In his Truck Series debut at Daytona in February, the young leadfoot brought his Toyota Tundra home a respectable 12th in his maiden voyage at NASCAR’s most revered track.
Now comes Martinsville, the tight, low-banked oval that often gives even the most experienced drivers fits. Wallace failed three times to make the field for the speedway’s annual October Late Model Stock show that’s billed as the series’ Daytona 500.
“Not really my best place because of that,” said Wallace, quickly noting he did finish third in a K&N East race on the .526-mile oval in 2010.
During Wednesday’s Truck Series media outing, Wallace did stay out of trouble while hauling print and electronic media members around the track in a pace car.
“The big thing about this is in a Late Model it takes so long to get down the straightaway ... so you can sit there and read a newspaper and eat a doughnut and all of a sudden you’ve got to turn,” said Wallace, chuckling. “In the trucks, it will be a little bit more faster paced with all the horsepower off the corners.
“I’m trying to learn as much as I can from Kyle Busch.

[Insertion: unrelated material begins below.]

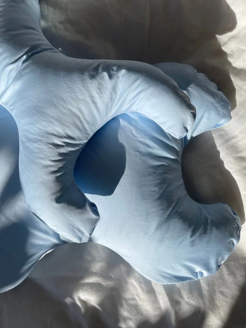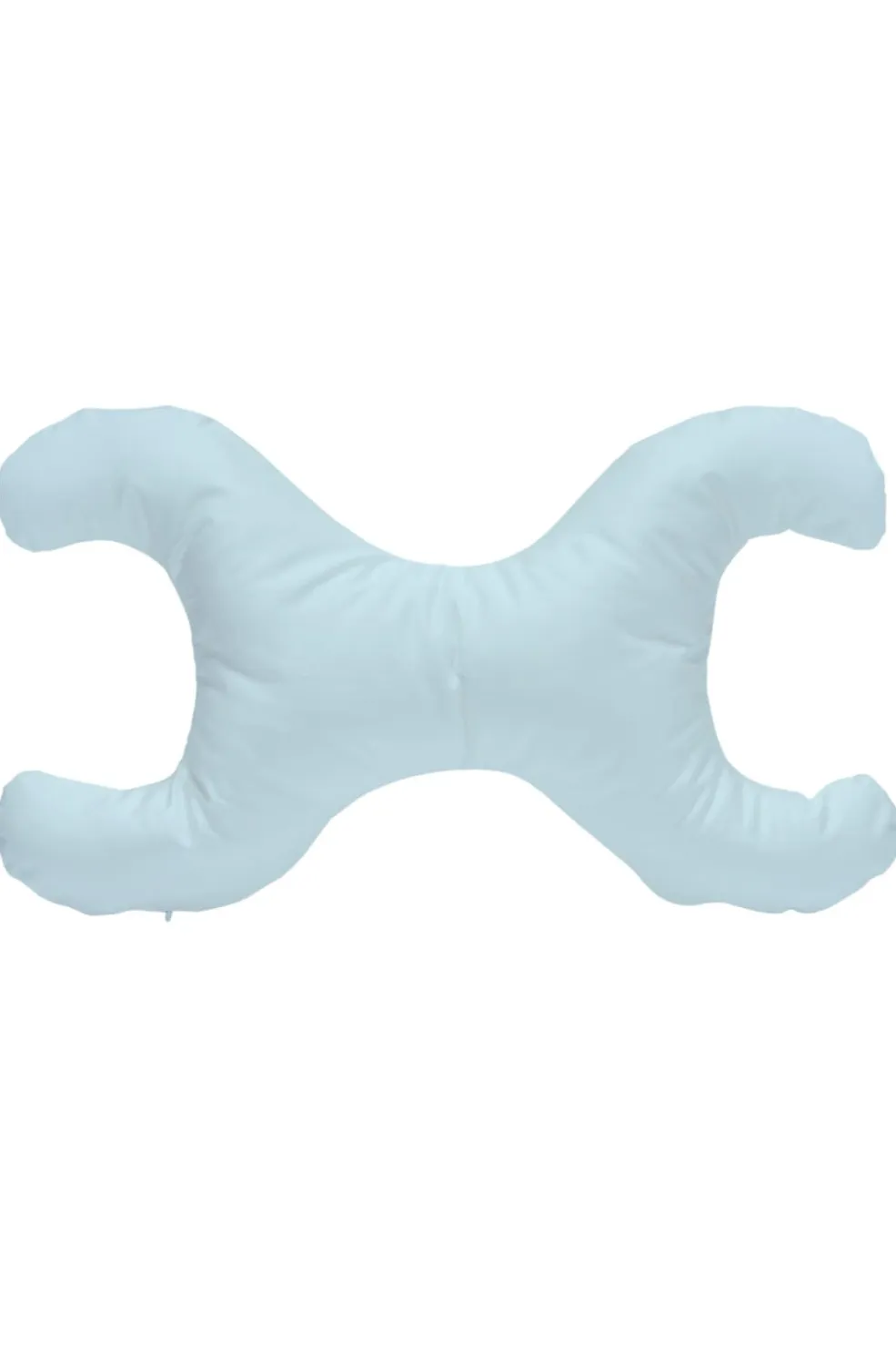Lille pude med X-formet design og lyseblåt betræk i 100 % bomuld. Puden er fyldt med syntetiske fibre, der både er bakterieresistente og fugtafvisende.

He’s pretty dominant here so if we can pick his brain and get as much information as we can, we should be pretty good to go.”
Certainly, the kid has a strong mount. He will be wheeling the same truck that Cup driver Denny Hamlin drove to victory at Martinsville last year.
“It’s a truck that’s capable of winning, so it’s all up to me there. We’re shooting for nothing less,” Wallace said.
It would be a big booster for NASCAR. Sanctioning body officials are assuredly anxious for an African-American driver to have success and help lure a new demographic to the grandstands not to mention alter some public perceptions about the sport. Besides Scott, the only other full-time African-American drivers in NASCAR have been Willy T. Ribbs (2001) and Bill Lester (2002-07), both on the truck circuit.
“I’m going to do the best I can to make that number from three [African-Americans] to 30 by 10 years or so,” Wallace said in Charlotte. “I don’t really worry about not making it.”